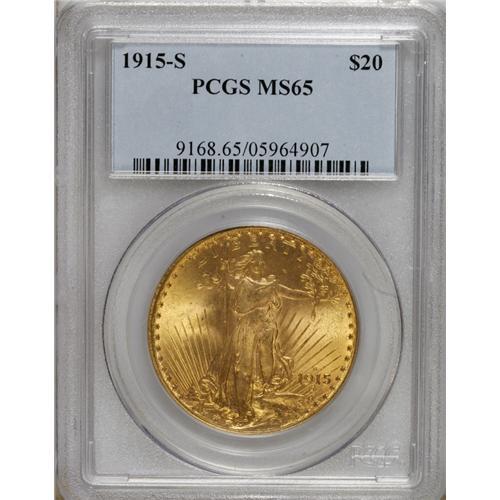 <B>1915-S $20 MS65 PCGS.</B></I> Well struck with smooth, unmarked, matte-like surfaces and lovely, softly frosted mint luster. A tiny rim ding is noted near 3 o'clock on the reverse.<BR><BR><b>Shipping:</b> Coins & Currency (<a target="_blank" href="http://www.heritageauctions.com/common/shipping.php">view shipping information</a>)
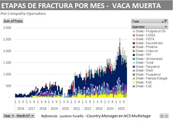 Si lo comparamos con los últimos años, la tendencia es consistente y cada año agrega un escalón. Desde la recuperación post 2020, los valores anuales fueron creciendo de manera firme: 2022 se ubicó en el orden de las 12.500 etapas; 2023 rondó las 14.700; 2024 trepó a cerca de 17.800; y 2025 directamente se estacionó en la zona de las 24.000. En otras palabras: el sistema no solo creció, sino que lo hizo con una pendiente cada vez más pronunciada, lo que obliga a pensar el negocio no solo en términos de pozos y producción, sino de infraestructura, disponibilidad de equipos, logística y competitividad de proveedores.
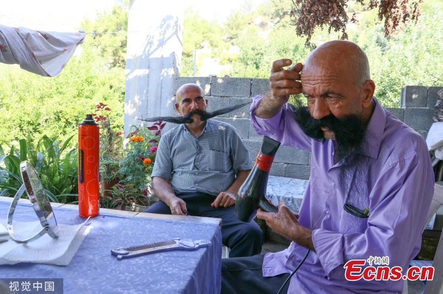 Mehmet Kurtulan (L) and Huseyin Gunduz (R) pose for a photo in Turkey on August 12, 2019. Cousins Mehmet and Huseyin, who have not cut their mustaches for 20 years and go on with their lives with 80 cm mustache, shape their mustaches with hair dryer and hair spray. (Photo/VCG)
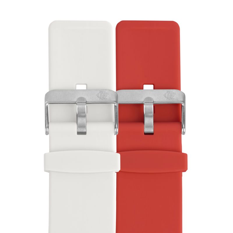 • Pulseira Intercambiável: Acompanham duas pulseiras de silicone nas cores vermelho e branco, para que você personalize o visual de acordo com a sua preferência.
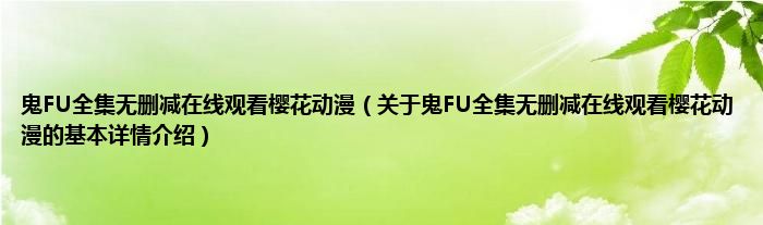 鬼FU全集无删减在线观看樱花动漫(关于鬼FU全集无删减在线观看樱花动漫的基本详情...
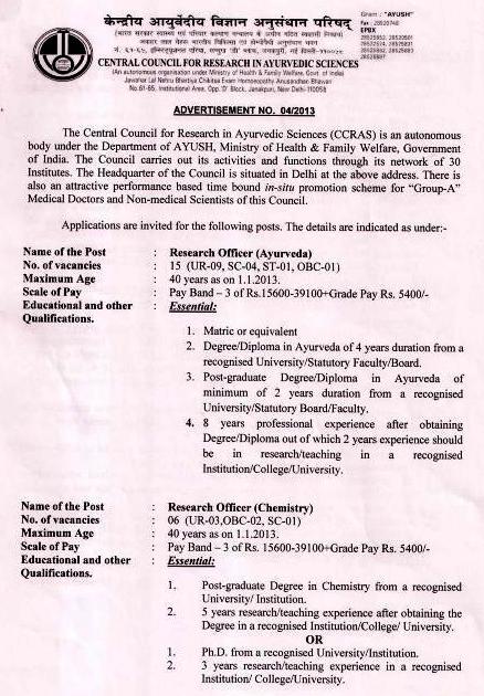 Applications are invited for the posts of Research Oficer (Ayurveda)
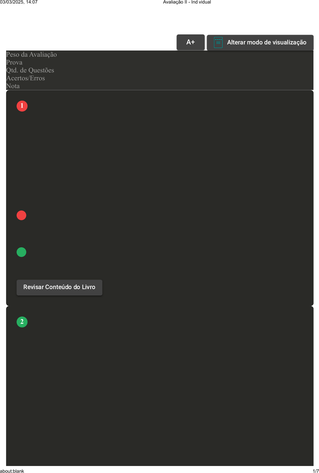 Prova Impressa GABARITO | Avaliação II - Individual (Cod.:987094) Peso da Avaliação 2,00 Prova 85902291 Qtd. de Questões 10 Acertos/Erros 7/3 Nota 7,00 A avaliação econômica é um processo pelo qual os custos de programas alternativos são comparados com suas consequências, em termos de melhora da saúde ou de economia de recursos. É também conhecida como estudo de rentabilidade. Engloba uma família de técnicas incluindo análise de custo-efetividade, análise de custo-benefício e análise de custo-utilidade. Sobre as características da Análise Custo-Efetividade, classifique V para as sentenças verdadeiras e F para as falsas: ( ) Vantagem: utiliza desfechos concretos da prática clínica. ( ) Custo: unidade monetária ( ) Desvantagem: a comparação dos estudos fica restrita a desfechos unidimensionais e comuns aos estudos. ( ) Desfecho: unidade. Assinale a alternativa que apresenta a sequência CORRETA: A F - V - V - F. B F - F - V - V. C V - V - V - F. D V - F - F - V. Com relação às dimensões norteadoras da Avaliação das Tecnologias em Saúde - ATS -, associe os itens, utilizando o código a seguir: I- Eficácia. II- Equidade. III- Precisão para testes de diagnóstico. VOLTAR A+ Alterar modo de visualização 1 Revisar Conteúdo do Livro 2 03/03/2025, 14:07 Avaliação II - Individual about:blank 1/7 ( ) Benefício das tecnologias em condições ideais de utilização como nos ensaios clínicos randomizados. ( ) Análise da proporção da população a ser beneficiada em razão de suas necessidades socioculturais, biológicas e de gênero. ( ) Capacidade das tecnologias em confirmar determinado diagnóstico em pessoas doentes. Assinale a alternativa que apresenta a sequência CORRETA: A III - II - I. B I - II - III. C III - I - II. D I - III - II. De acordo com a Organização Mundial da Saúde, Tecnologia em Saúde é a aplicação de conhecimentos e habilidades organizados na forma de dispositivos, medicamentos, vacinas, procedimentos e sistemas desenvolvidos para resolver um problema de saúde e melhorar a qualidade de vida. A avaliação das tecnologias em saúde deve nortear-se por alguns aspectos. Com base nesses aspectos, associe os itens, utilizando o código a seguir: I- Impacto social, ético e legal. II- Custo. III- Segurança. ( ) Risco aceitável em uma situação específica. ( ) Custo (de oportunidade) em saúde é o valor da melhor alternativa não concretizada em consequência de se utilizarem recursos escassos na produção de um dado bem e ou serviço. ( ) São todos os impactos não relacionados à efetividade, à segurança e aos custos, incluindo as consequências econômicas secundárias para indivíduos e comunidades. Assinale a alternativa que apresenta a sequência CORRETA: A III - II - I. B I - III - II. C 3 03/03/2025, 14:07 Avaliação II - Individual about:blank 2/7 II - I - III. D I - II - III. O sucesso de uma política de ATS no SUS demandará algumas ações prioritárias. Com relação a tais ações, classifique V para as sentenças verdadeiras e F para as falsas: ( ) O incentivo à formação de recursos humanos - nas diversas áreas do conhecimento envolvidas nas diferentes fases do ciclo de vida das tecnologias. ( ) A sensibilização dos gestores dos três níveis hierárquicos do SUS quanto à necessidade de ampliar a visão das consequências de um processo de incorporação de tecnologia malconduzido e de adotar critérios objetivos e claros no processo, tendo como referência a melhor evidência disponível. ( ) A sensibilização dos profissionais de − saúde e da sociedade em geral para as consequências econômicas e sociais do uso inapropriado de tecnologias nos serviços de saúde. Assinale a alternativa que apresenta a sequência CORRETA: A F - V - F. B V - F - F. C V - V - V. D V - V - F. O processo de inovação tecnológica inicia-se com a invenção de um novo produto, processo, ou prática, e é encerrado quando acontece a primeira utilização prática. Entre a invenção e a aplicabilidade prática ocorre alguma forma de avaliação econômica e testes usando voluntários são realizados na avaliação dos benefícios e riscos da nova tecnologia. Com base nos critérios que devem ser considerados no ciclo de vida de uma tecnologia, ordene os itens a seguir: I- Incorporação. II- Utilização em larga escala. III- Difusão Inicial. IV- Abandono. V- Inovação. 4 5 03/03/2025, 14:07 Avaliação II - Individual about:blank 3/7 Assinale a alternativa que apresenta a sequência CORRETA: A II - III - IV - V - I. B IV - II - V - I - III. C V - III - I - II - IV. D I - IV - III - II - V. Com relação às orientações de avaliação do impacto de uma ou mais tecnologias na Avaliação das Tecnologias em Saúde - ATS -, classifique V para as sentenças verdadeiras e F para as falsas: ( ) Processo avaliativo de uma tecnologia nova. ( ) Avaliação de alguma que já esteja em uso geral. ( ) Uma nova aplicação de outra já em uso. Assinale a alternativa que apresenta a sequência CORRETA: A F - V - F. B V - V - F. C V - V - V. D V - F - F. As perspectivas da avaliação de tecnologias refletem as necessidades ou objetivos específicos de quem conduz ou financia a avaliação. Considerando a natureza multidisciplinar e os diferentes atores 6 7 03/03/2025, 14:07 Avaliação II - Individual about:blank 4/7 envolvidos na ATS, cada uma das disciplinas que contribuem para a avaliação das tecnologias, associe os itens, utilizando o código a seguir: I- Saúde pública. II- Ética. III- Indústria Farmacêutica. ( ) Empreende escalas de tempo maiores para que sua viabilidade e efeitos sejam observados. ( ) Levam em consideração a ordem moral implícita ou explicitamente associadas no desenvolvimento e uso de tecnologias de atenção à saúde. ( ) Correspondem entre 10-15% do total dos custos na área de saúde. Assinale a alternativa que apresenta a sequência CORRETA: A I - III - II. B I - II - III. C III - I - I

---

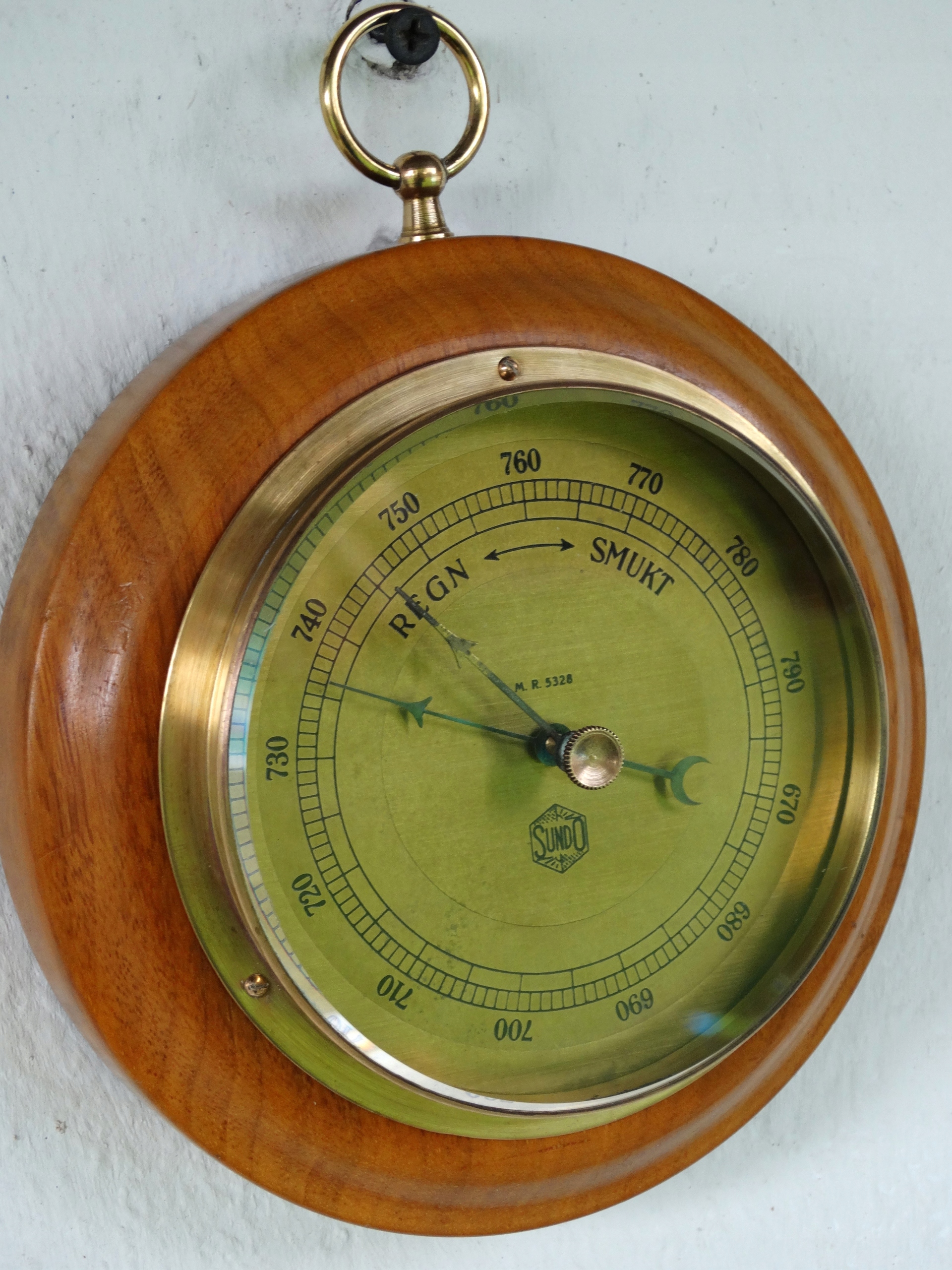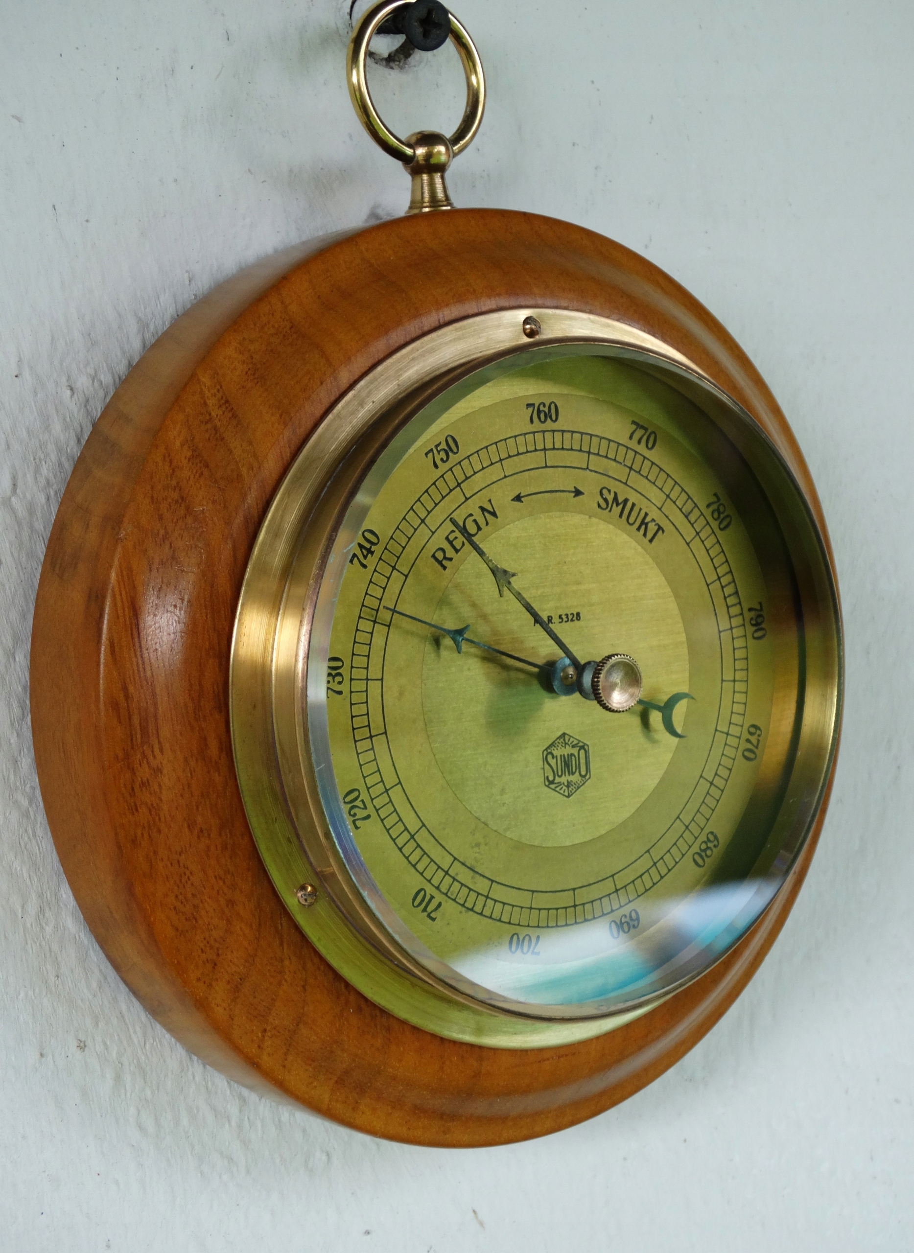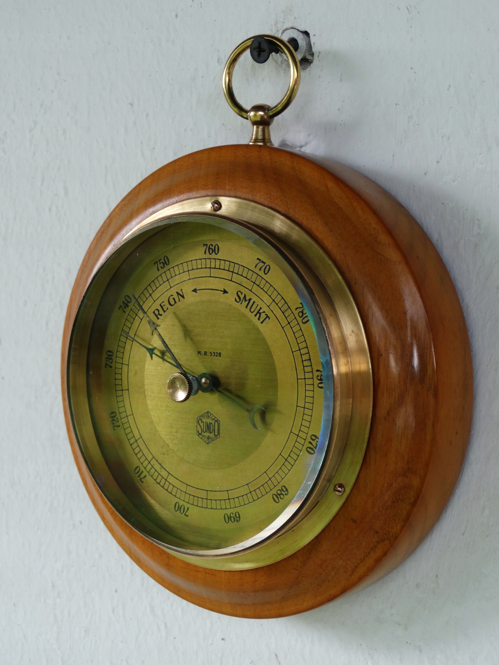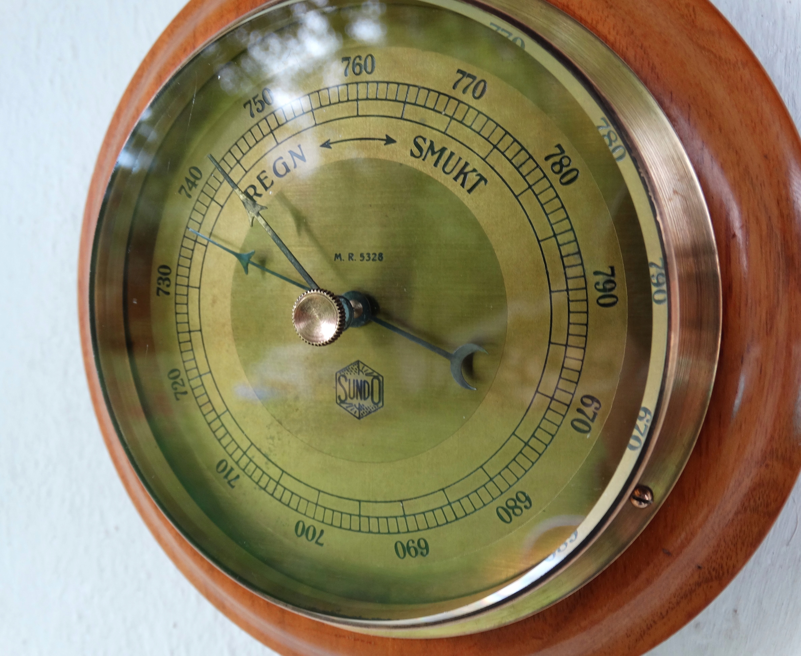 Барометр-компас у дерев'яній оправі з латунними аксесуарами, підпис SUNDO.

◆ **Brief**
Print nothing except the lines above from the one containing "Si lo comparamos" down to the one containing "Applications are invited", both included, exactly as written and free of pictures.

◆ **Reply to the task**
 Si lo comparamos con los últimos años, la tendencia es consistente y cada año agrega un escalón. Desde la recuperación post 2020, los valores anuales fueron creciendo de manera firme: 2022 se ubicó en el orden de las 12.500 etapas; 2023 rondó las 14.700; 2024 trepó a cerca de 17.800; y 2025 directamente se estacionó en la zona de las 24.000. En otras palabras: el sistema no solo creció, sino que lo hizo con una pendiente cada vez más pronunciada, lo que obliga a pensar el negocio no solo en términos de pozos y producción, sino de infraestructura, disponibilidad de equipos, logística y competitividad de proveedores.
 Mehmet Kurtulan (L) and Huseyin Gunduz (R) pose for a photo in Turkey on August 12, 2019. Cousins Mehmet and Huseyin, who have not cut their mustaches for 20 years and go on with their lives with 80 cm mustache, shape their mustaches with hair dryer and hair spray. (Photo/VCG)
 • Pulseira Intercambiável: Acompanham duas pulseiras de silicone nas cores vermelho e branco, para que você personalize o visual de acordo com a sua preferência.
 鬼FU全集无删减在线观看樱花动漫(关于鬼FU全集无删减在线观看樱花动漫的基本详情...
 Applications are invited for the posts of Research Oficer (Ayurveda)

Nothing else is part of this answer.